Leur position est signalée aux unités de surveillance des deux côtés du détroit. Mais pas d’intervention en mer. Ce serait trop risqué - sauf en cas de détresse.
"Dès lors qu’on est en mer, la priorité n’est plus d’empêcher la traversée, mais de s’assurer de la sauvegarde de la vie humaine" dans une zone où transite 25% du trafic maritime mondial, expliquera la préfecture maritime.
Les passeurs le savent bien.
Walid et ses compagnons poursuivent le périple. Le moteur, dont le bruit recouvre les voix, cale. Puis redémarre. La frontière n’est plus qu’à quelques kilomètres.
10H00. Au loin, une forme rouge se dessine : voilà le Sandettie, bateau-balise qui marque l’entrée dans les eaux britanniques.
Walid exulte, épuisé mais ému. D’un geste, il jette à l’eau son téléphone portable pour effacer toute trace de son passé, ses voisins lèvent les bras au ciel en criant, constate l’AFP à distance. Bientôt, un patrouilleur des gardes-côtes vient les remorquer vers le port de Douvres.
Après sept heures de traversée, sous un ciel brumeux, les passagers mettent un à un le pied sur le sol britannique, comme des dizaines d’autres migrants ce jour-là. (...)

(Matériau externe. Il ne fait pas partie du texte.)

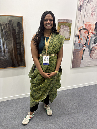 This art curator, Wendy Coutinho from Galley Vida, wore a cotton sari she bought for her graduation ceremony at JJ School of Art, Mumbai, for Rs. 1,800. She teamed it up with a cropped top, kamarband, and Onitsuka Tiger sneakers. “My classic Casio gold watch is the accessory I can’t do without,” she chuckles, adding the sari is the first one she bought from her own money from Borivali, Mumbai.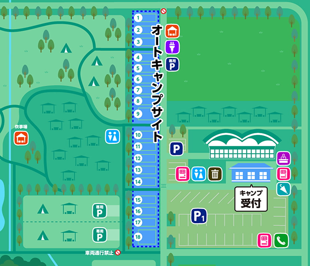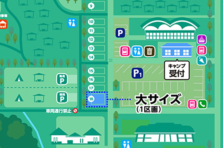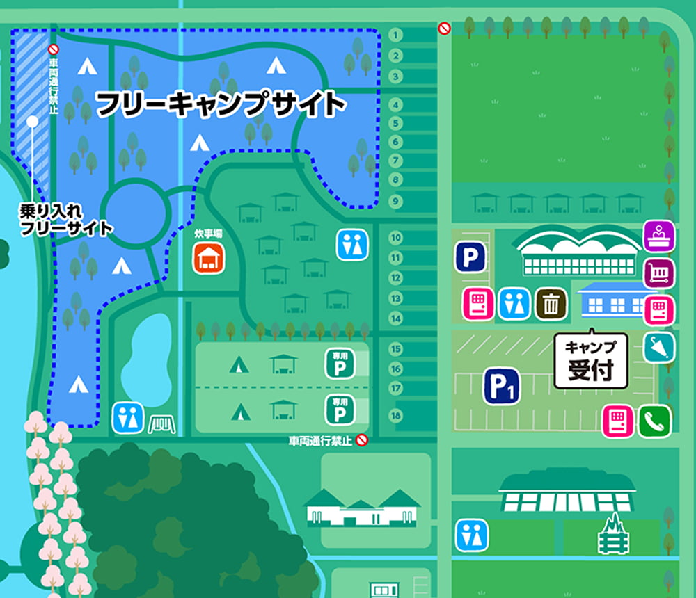 - 乗り入れフリーサイトは「車両1台+テント・タープ1張ずつ」を「1サイト」とカウントします。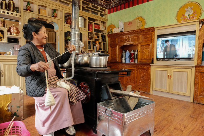 图为朗县仲达镇卓岗村村民正在家中搓毛线、看电视。记者 谢筱纯 摄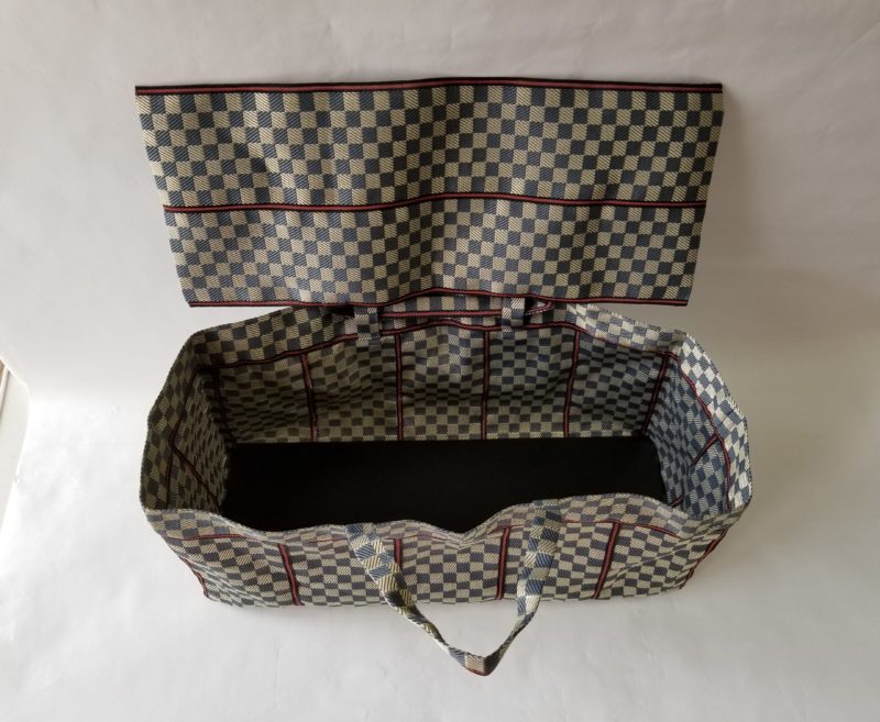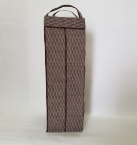 日本伝統の素材の畳のヘリで、素敵な お酒・ワインなどを入れることができ、中が見えないように共生地でフタ付きのバッグを製作いたしました。
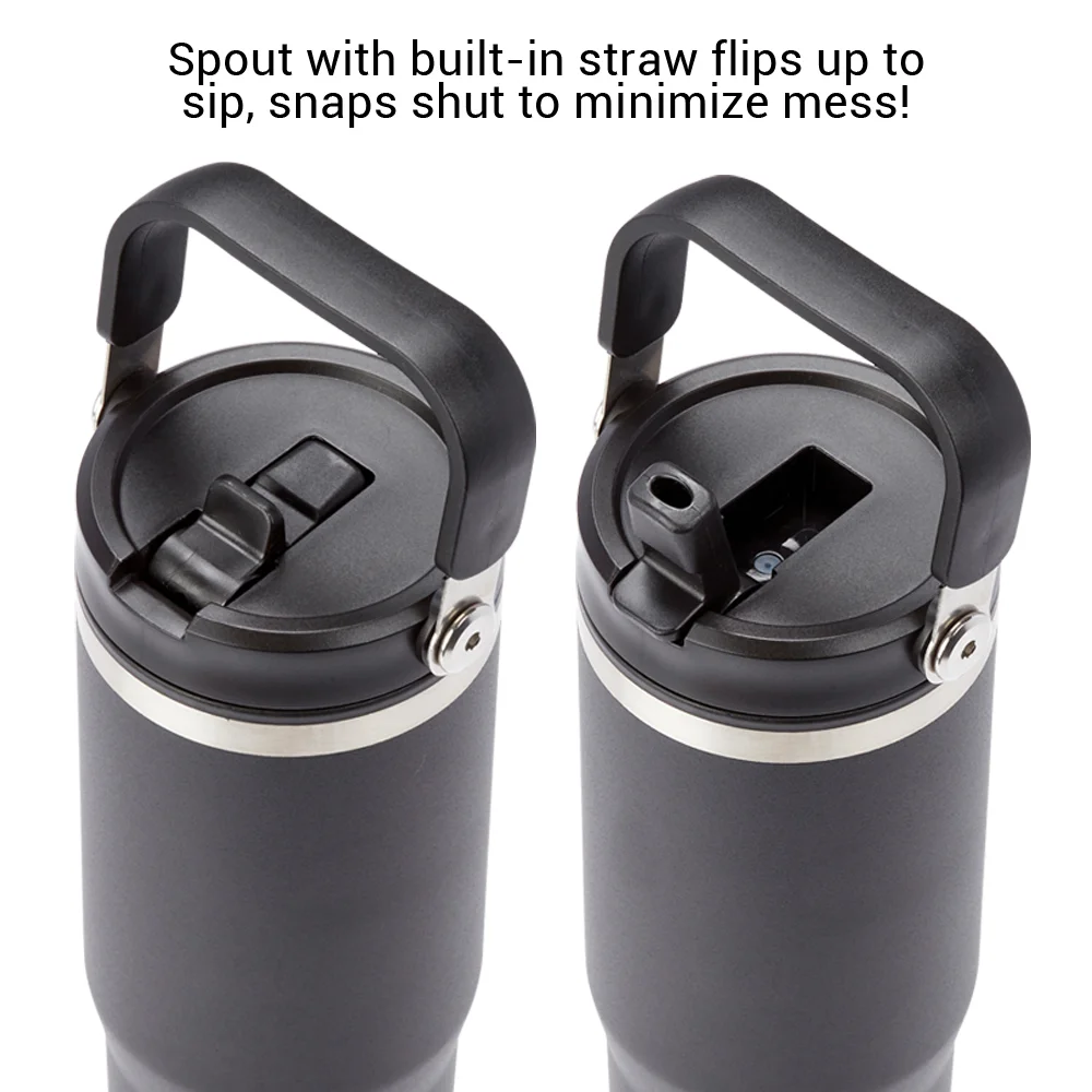 Coldflow Double-Wall Flip-Straw Bottle 30 oz. With Carry Handle: Double-wall insulated: stainless-steel exterior, plastic liner; Leak-resistant lid with spout & built-in, flip-up straw; Snaps shut; Handle swings up; Powder-coated finish resists scratches, stops condensation; Fits most car cup holders; Eco friendly; Reusable; BPA free; Note: Hand wash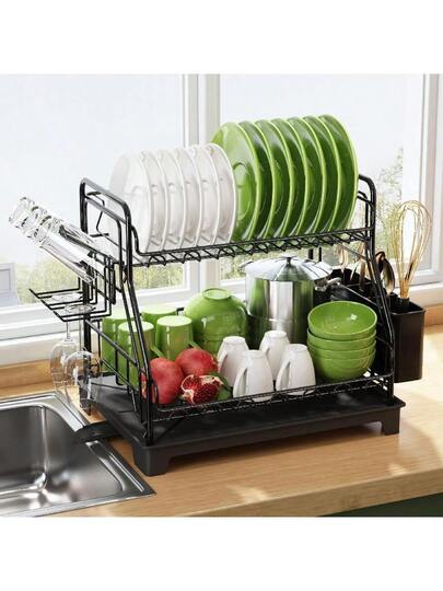2 Tier Dish Drying Rack, Stainless Steel Dish Drainer With Drip Tray, Sink Drainer Rack With Swivel Spout, Utensil Holder, Automatic Drain Draining Board For Kitchen Sink - Negro - Añade 1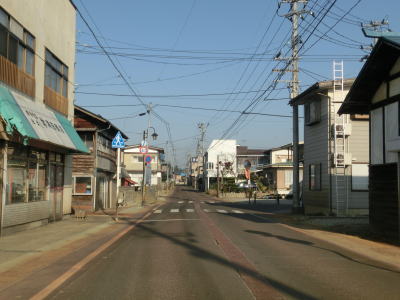 | 松ヶ根橋を渡り終えると右にカーブした後に上り勾配の左カーブを曲がり、JR米坂線をオーバーパスして右にカーブしながら勾配を下る。以降は米坂線の東を並走しながら北上する。成島駅が近くにあるが周辺の家屋の数はさほど多くない。 | ||

Walid, jean, veste sombre et masque blanc, débarque le dernier, quelques vêtements dans un petit sac à dos. Une demi-heure à peine et il monte sous escorte à bord d’un bus vers un centre d’accueil temporaire situé dans la ville portuaire du Kent.
Chacun pourra y demander officiellement l’asile et un premier entretien, conformément à la loi, avant d’être orienté vers un centre d’hébergement financé par l’Etat, au confort très aléatoire. Des mois de procédures administratives l’attendent. Mais, dans une économie très libérale ouverte à une main d’œuvre bon-marché, rester dans la clandestinité n’effraie pas les exilés.
Walid est prêt à tout faire pour gagner sa vie : désormais, il est en Grande-Bretagne.
De l’autre côté de la Manche, Falah est dépité, la traversée n’a finalement pas été tentée. Le moral miné par ce nouvel échec, harassés et sans perspectives, le père et ses filles attendent toujours.